## Required action
Only the lines from the one containing "This page presents" through the one containing "다진 마늘 0.5T에 버터 크래미 1조각만큼 넣고 볶다가" should be printed, exactly as they appear below, with both ends included.

## Source records
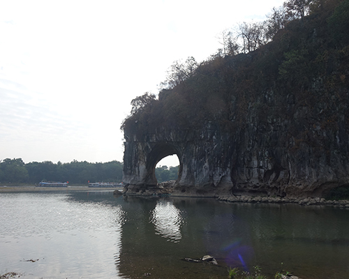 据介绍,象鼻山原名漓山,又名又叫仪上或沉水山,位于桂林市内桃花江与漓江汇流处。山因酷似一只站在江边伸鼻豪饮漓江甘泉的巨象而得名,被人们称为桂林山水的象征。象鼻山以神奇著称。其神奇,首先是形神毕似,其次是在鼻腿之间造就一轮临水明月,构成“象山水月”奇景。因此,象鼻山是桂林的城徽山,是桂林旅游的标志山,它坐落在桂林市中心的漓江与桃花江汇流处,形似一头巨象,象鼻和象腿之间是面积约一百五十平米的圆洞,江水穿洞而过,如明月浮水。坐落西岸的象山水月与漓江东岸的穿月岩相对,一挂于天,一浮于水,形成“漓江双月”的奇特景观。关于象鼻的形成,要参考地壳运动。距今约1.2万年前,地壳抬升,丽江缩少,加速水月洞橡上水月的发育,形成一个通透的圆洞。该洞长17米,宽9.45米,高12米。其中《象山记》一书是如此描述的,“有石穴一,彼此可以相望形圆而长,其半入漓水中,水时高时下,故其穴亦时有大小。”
* * *
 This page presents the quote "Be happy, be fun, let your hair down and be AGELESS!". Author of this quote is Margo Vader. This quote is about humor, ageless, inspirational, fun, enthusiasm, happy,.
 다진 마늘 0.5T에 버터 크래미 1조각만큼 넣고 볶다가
---
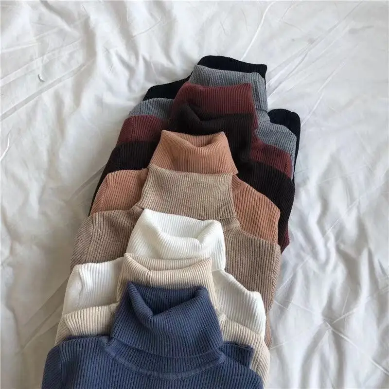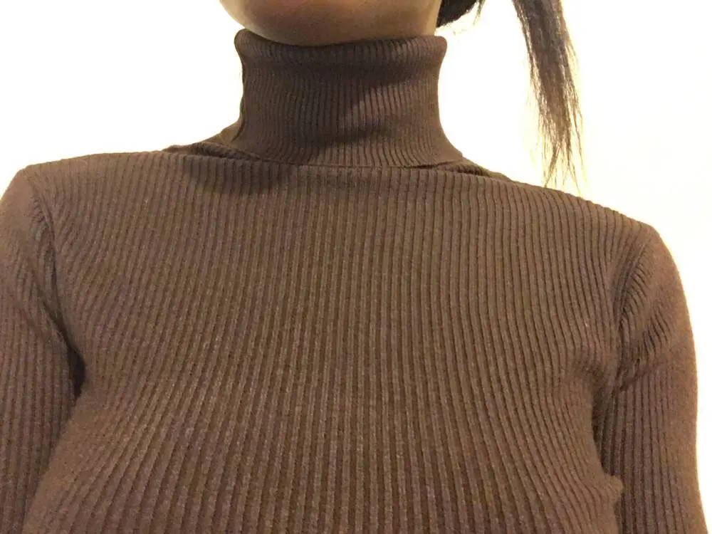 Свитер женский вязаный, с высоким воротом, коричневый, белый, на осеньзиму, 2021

## Written response
 This page presents the quote "Be happy, be fun, let your hair down and be AGELESS!". Author of this quote is Margo Vader. This quote is about humor, ageless, inspirational, fun, enthusiasm, happy,.
 다진 마늘 0.5T에 버터 크래미 1조각만큼 넣고 볶다가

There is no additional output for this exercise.